While debugging I saw that this only happens when streaming is enabled (stream.conf [stream] enabled = yes). Because of this is searched for connections specific errors. I filtered the log files for the section I think should contain the information to fix the issue.
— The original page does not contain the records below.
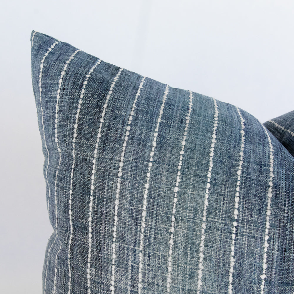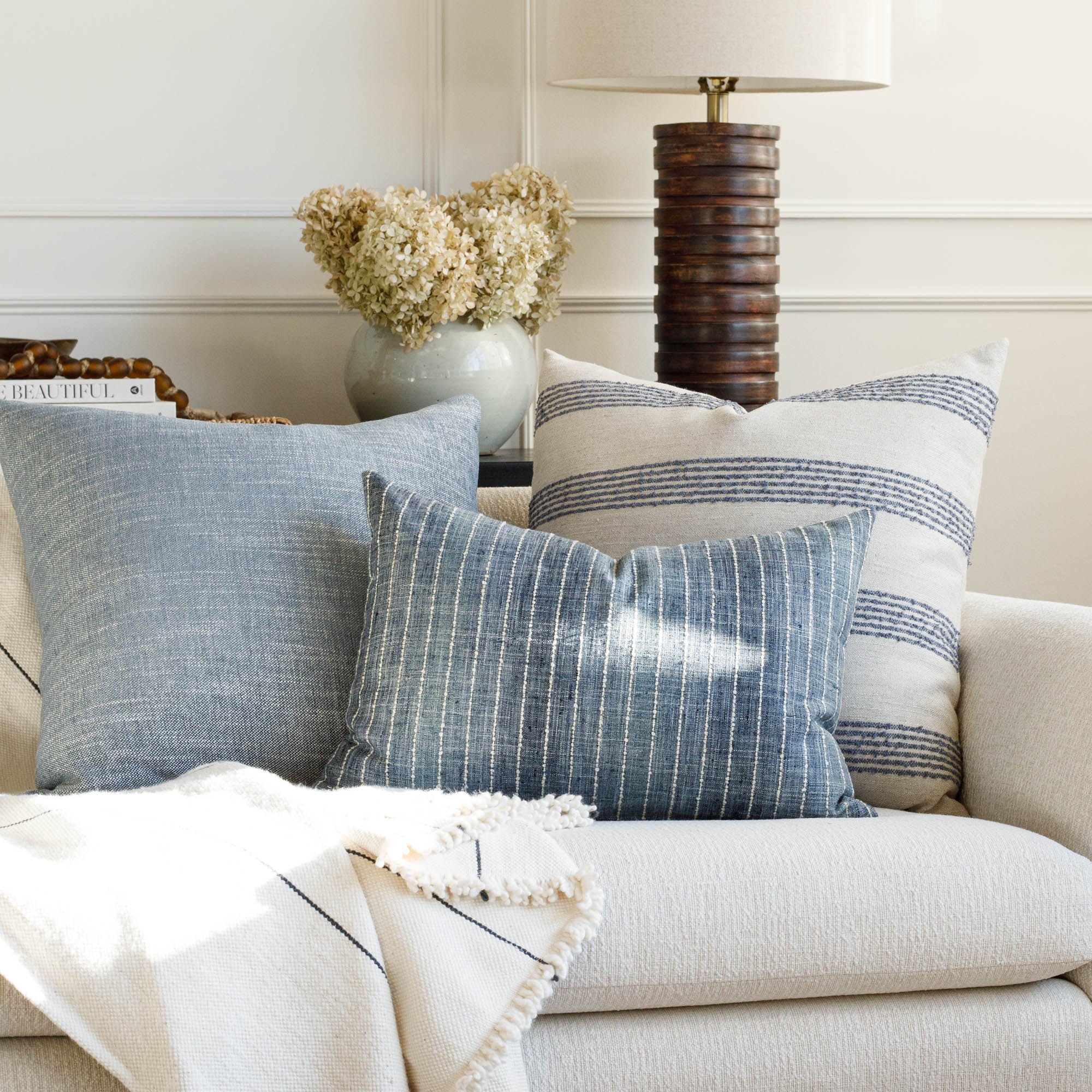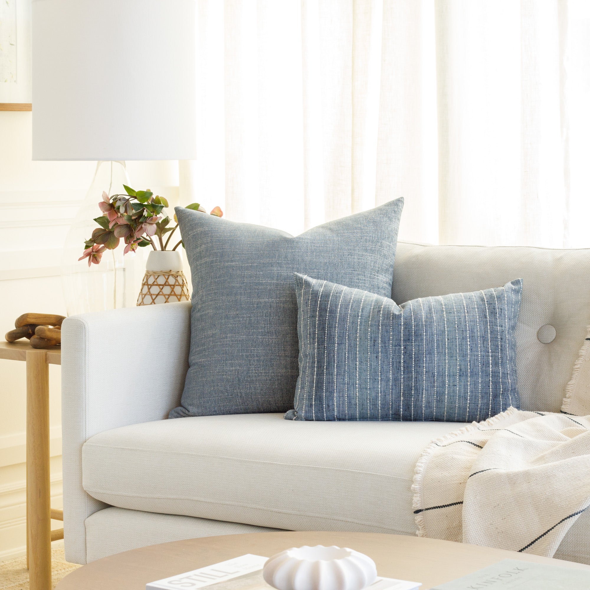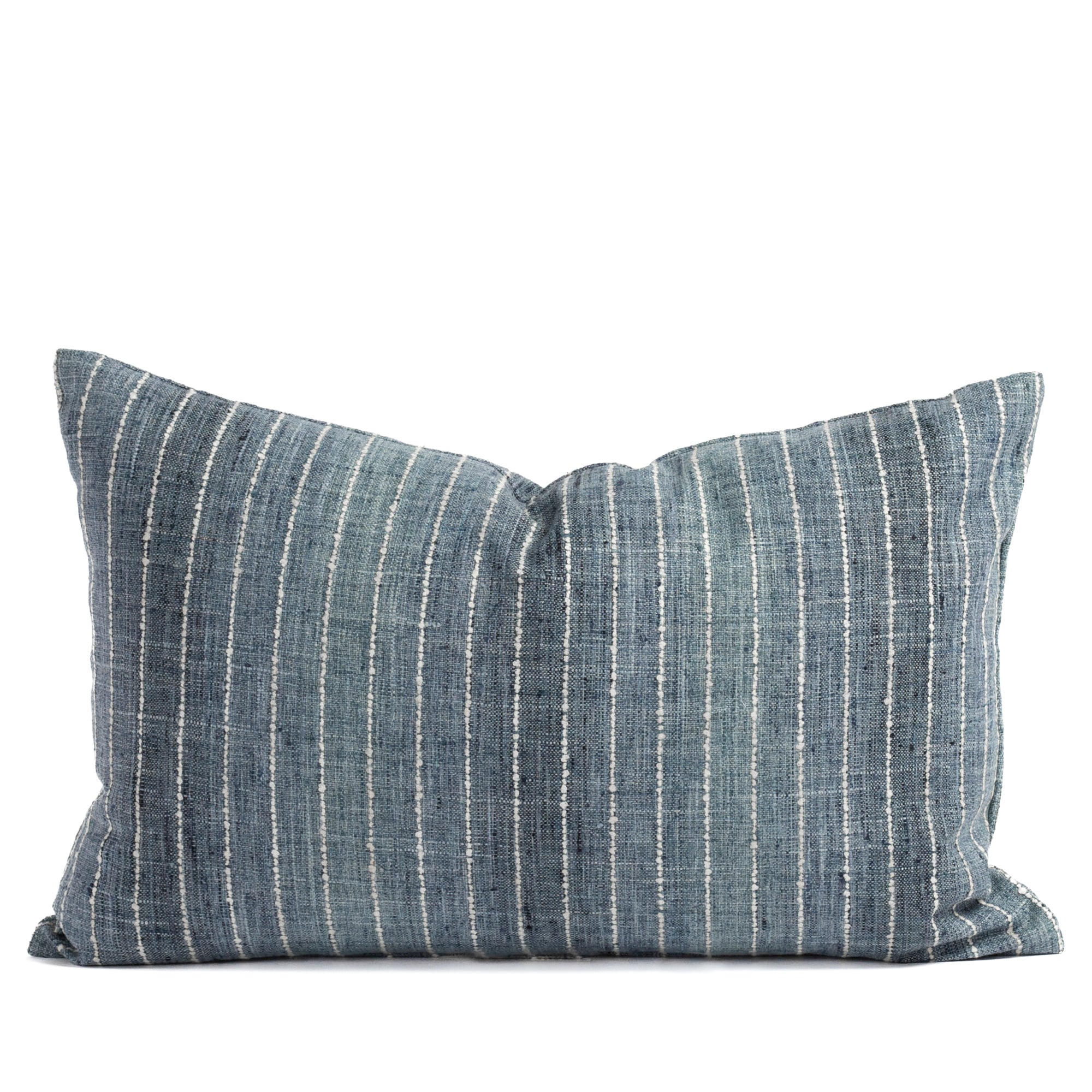This chambray blue oversized lumbar pillow features a tonal, textured stripe in a variety of beautiful blues with light accents of white. It's a versatile piece has the functional foundation of a solid with the added interest of a subtle pattern, and is sure to deliver a fresh and casual feel.
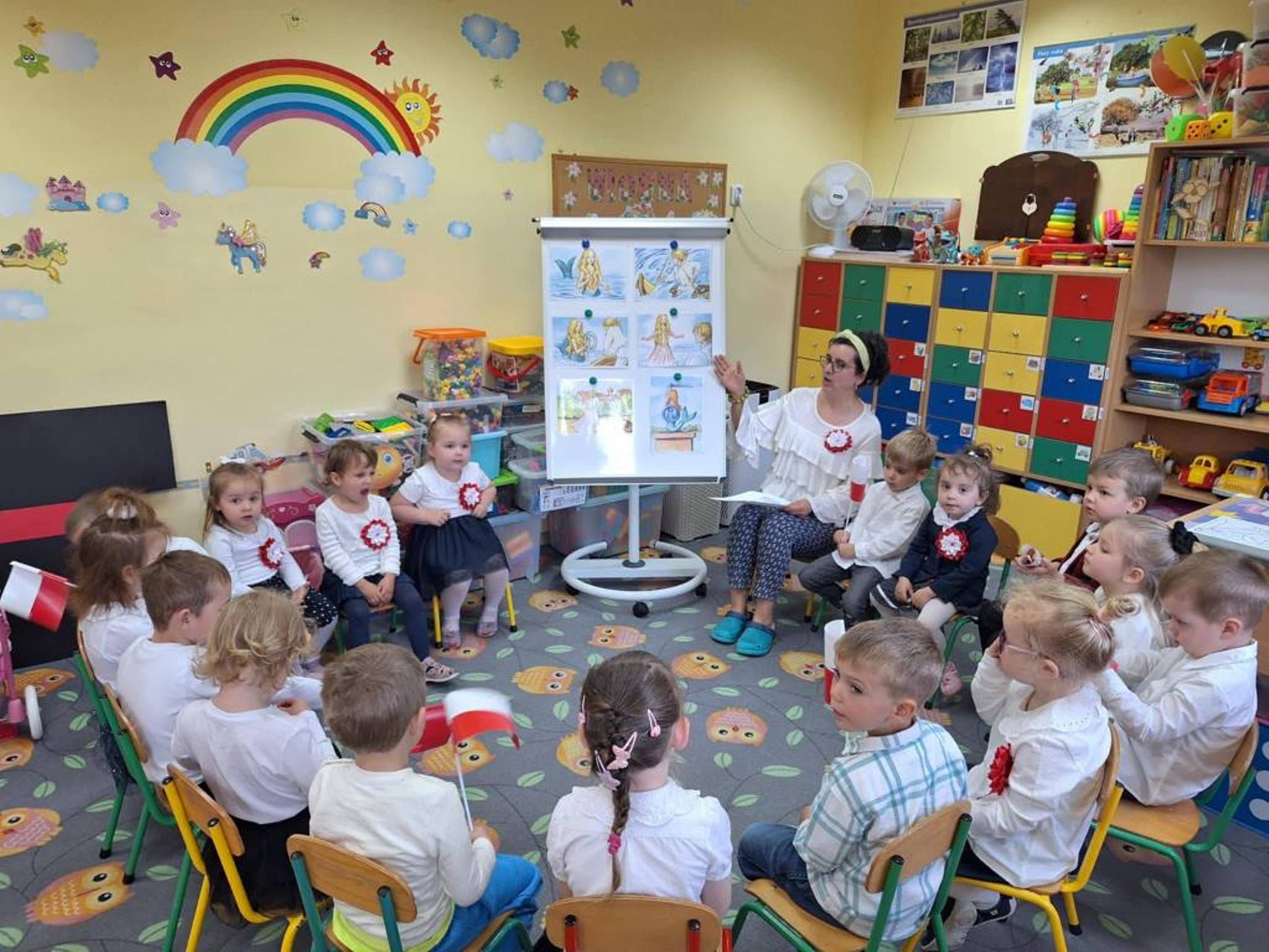 i utrwaliły symbole narodowe. Celem zajęć było wyrobienie wśród dzieci postaw szacunku do tradycji, dziedzictwa kulturowego i historycznego, które dają poczucie przynależności narodowej.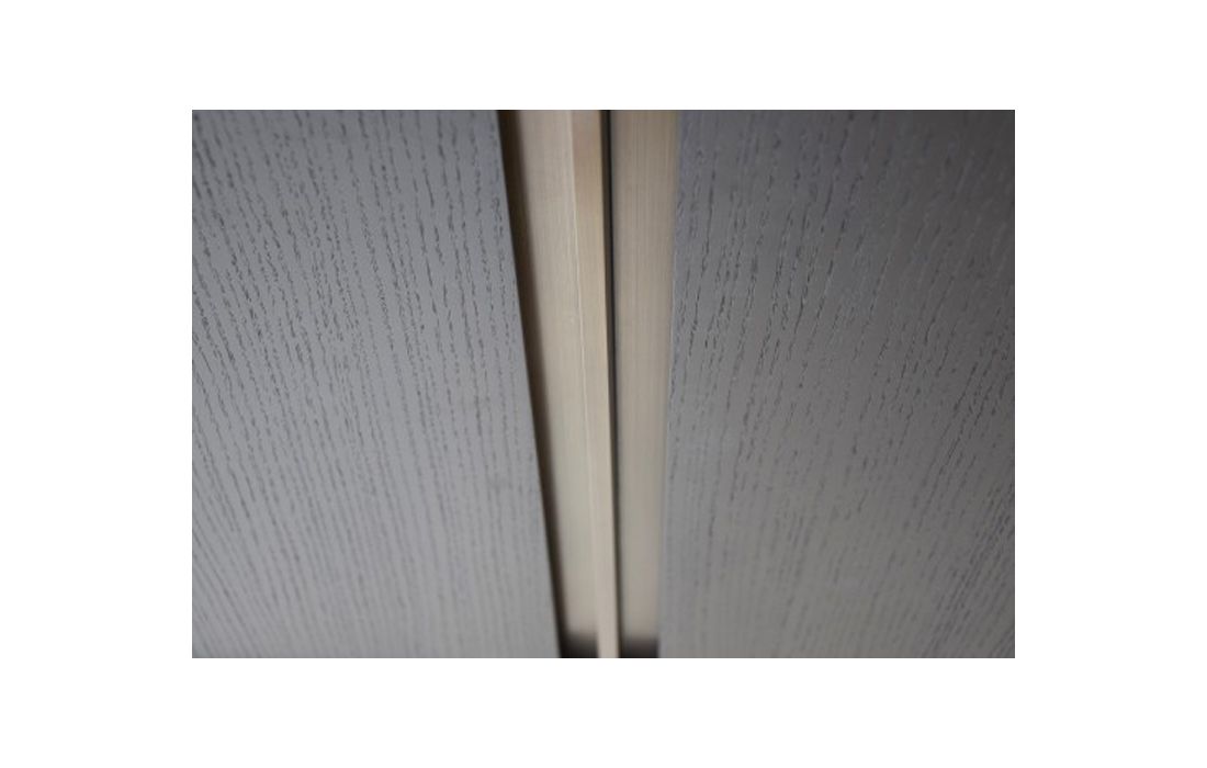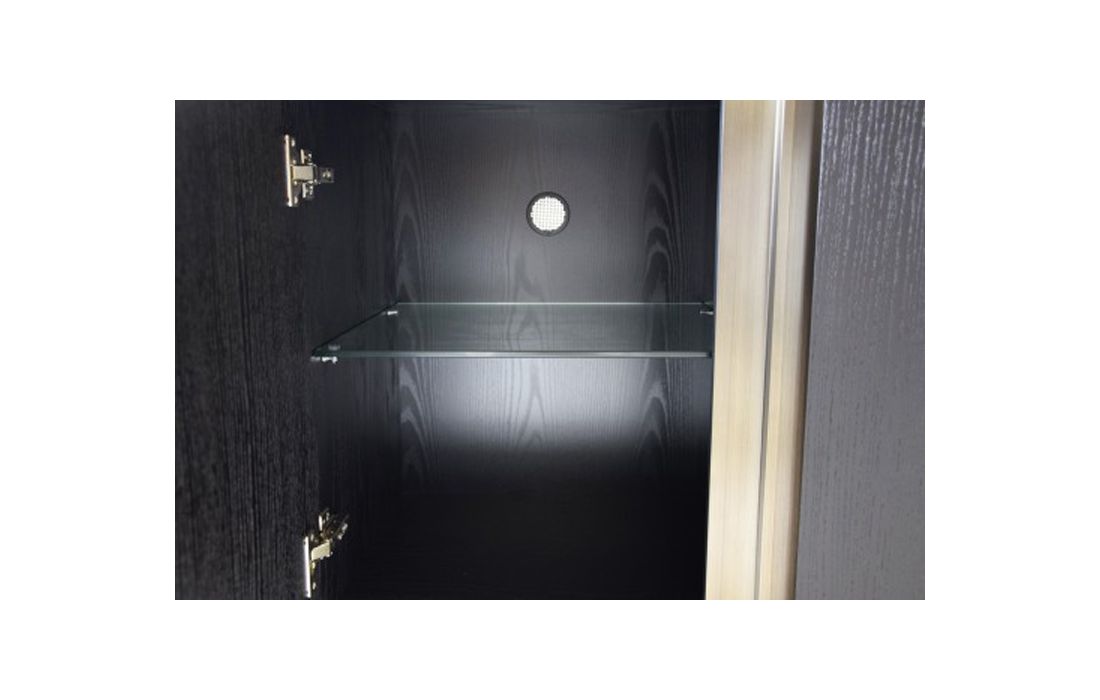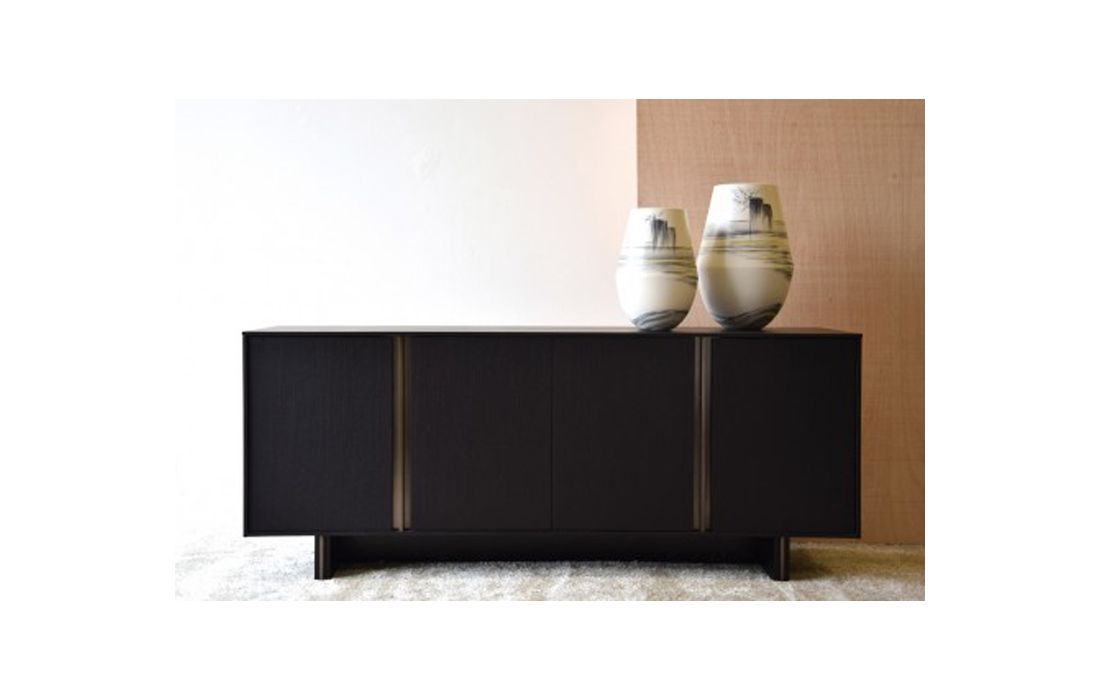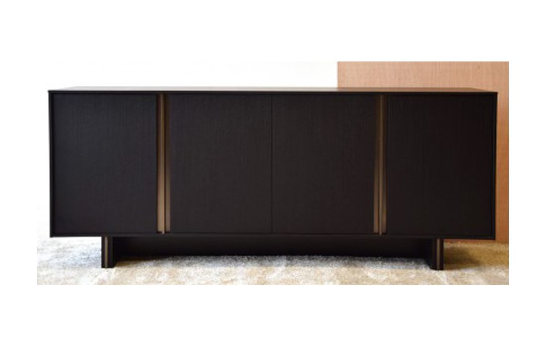 Sideboard with 4 doors in MDF veneer oak with black color finish and details in stainless steel brushed antique bronze.

Relevant docs you followed/actions you took to solve the issue
I did a clean reinstall with the kickstart script. (Install Netdata with kickstart.sh | Learn Netdata)
I did a purge of netdata (following this Uninstalling Netdata and all traces - Ubuntu Server )and a clean reinstall.
I tried to find something in the error log to debug and googled a lot but I could not find what exactly is leading to the agent crashing.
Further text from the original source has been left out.